# WHAT IS REQUIRED
What is needed is the exact text of each line in the listing below from the one with "このお皿のリムに刻まれた陽刻が深い瑠璃色をより印象的に映し出します。" up to and including the one with "И вот проблема: если", and no pictures.
*** Begin section ***
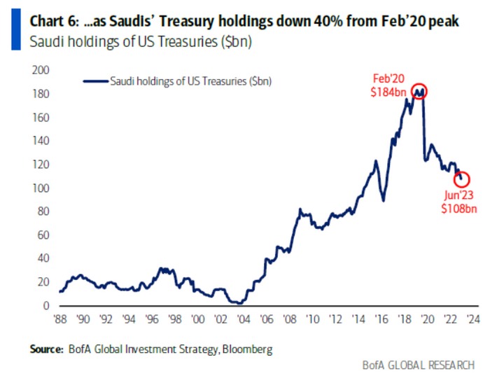 Саудиты льют американские трежеря. С пика, показанного в феврале 2020, по июнь 2023 избавились от 40% активов.
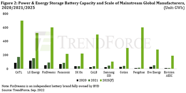 为应对电动汽车(EV)行业迫在眉睫的TWh级市场需求,全球主流动力电池制造商正在加速扩大产能。再加上电化学储能广阔的市场空间,电池厂商产能扩张的速度和规模远超前期。据TrendForce统计,包括宁德时代、LG Energy Solutions、比亚迪、CALB、三星SDI、松下等在内的全球前十大动力电池厂商,他们计划到2025年动力及储能电池产能达到4.2TWh。厂商占比约3.1TWh,电池扩容速度和规模全球领先。
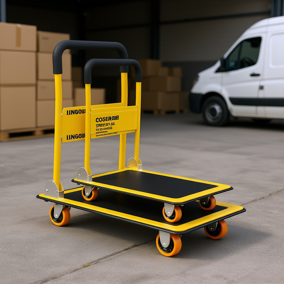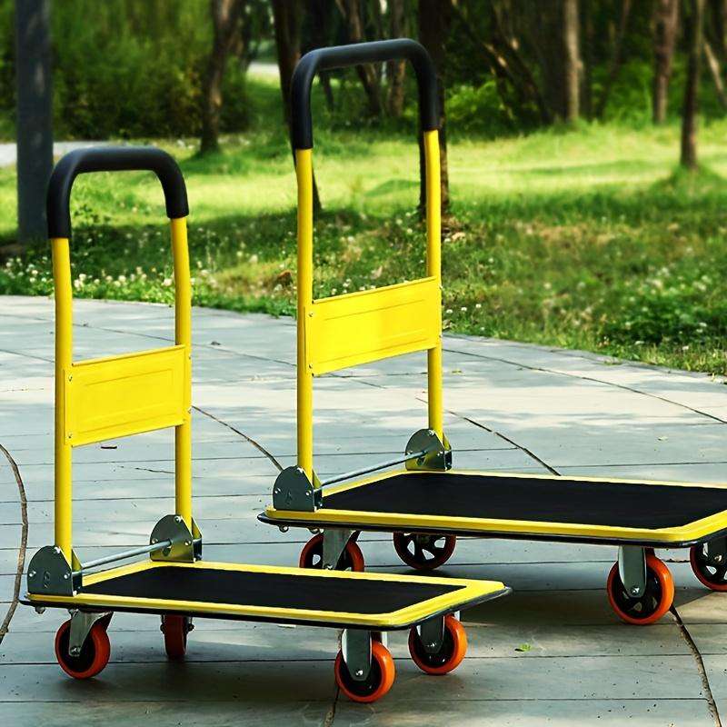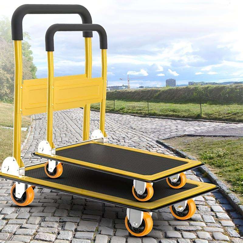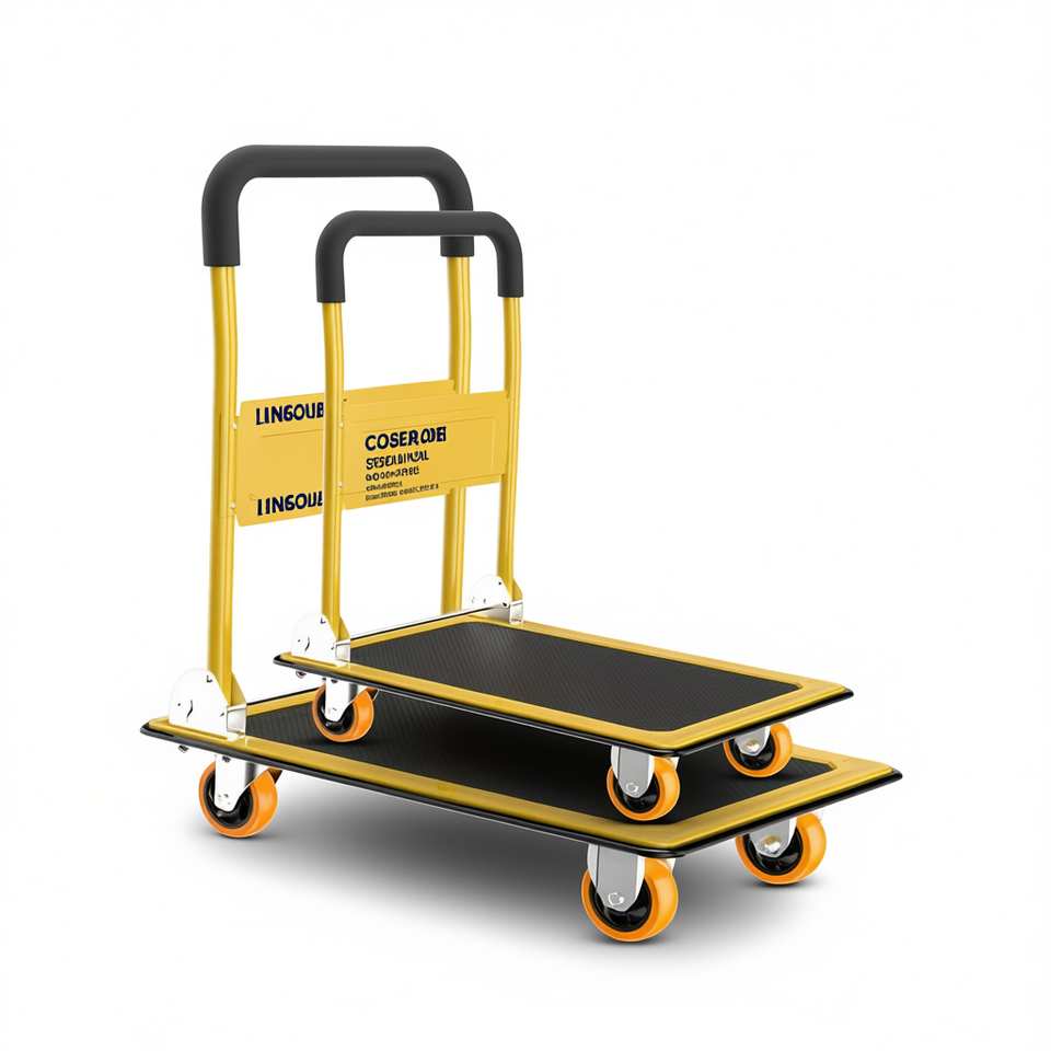 รถเข็นล้อเลื่อนเหล็กสี่ล้อ Lingoub แบบพับได้ เคลือบสีฝุ่น ล้อทำจากยางเงียบ รถเข็นช็อปปิ้งแบบพกพา
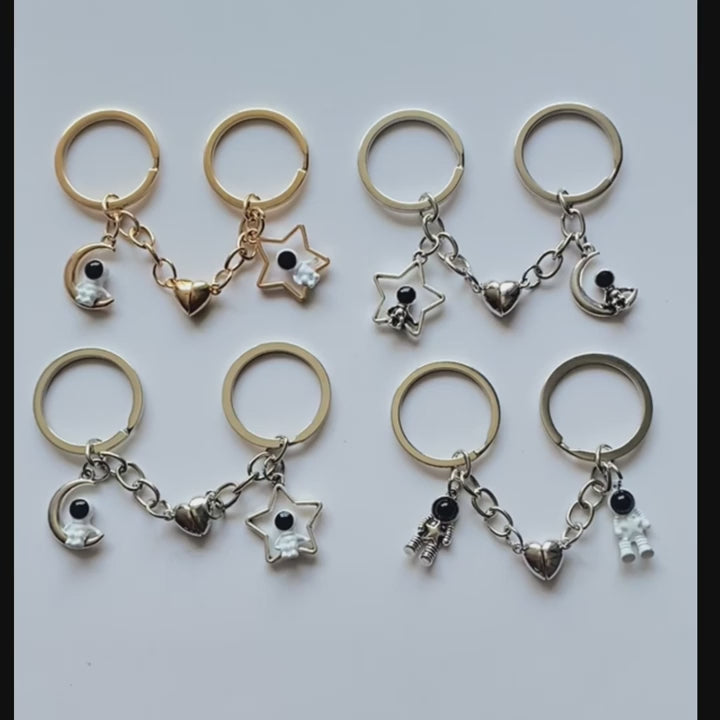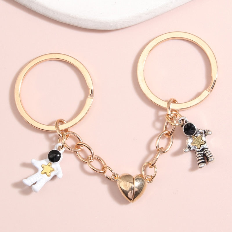 Astronaut Handmade Keychain with Magnetic Link Perfect gift for Couples
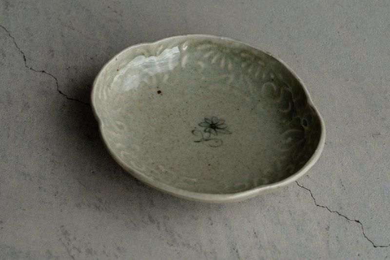 このお皿のリムに刻まれた陽刻が深い瑠璃色をより印象的に映し出します。
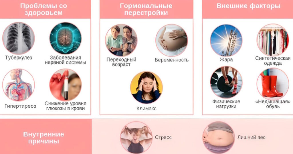 И вот проблема: если в условиях жары, духоты и во время тренировки потеть — это норма, то при минимальных нагрузках или в весьма прохладном помещении — нет.
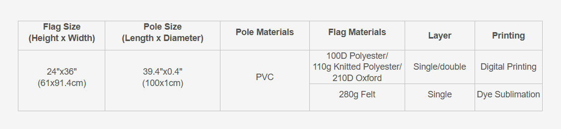 Single- or double-sided – we provide single- and double-sided print options for these flags. The 100D polyester and 110g Knitted Polyester are of great penetration, so your graphics are visible on the other side if you choose single-sided printed, but as a mirror image. If you mind that and hope your logo can be displayed well on both sides, you can choose the double-sided print.
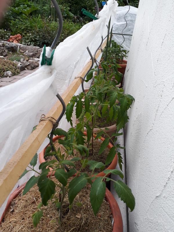 Bei dem derzeit richtig miesen Tomatenwetter bin ich froh, dass ich mir die Mühe mit der Konstruktion um's Hauseck gemacht habe. Die Pflanzen gedeihen hinter dem Vlies recht gut und bei den meisten sind nun auch die ersten Knospen zu sehen :)
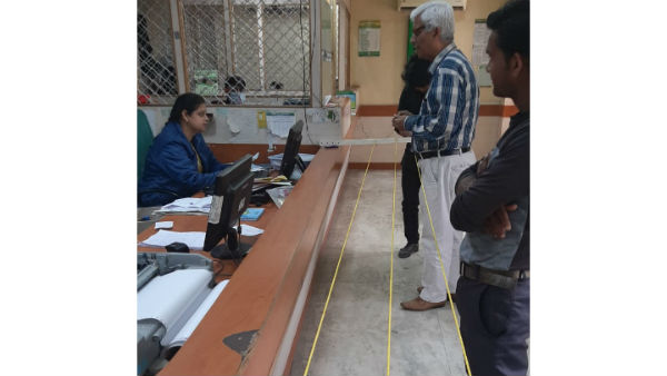 బ్యాంకు ఉద్యోగుల ముందుచూపునకు సలాం: కౌంటర్ల వద్దకు రాకూండా..తాడు కట్టి మరీ..!
*** End section ***
# YOUR SOLUTION
 このお皿のリムに刻まれた陽刻が深い瑠璃色をより印象的に映し出します。
 И вот проблема: если в условиях жары, духоты и во время тренировки потеть — это норма, то при минимальных нагрузках или в весьма прохладном помещении — нет.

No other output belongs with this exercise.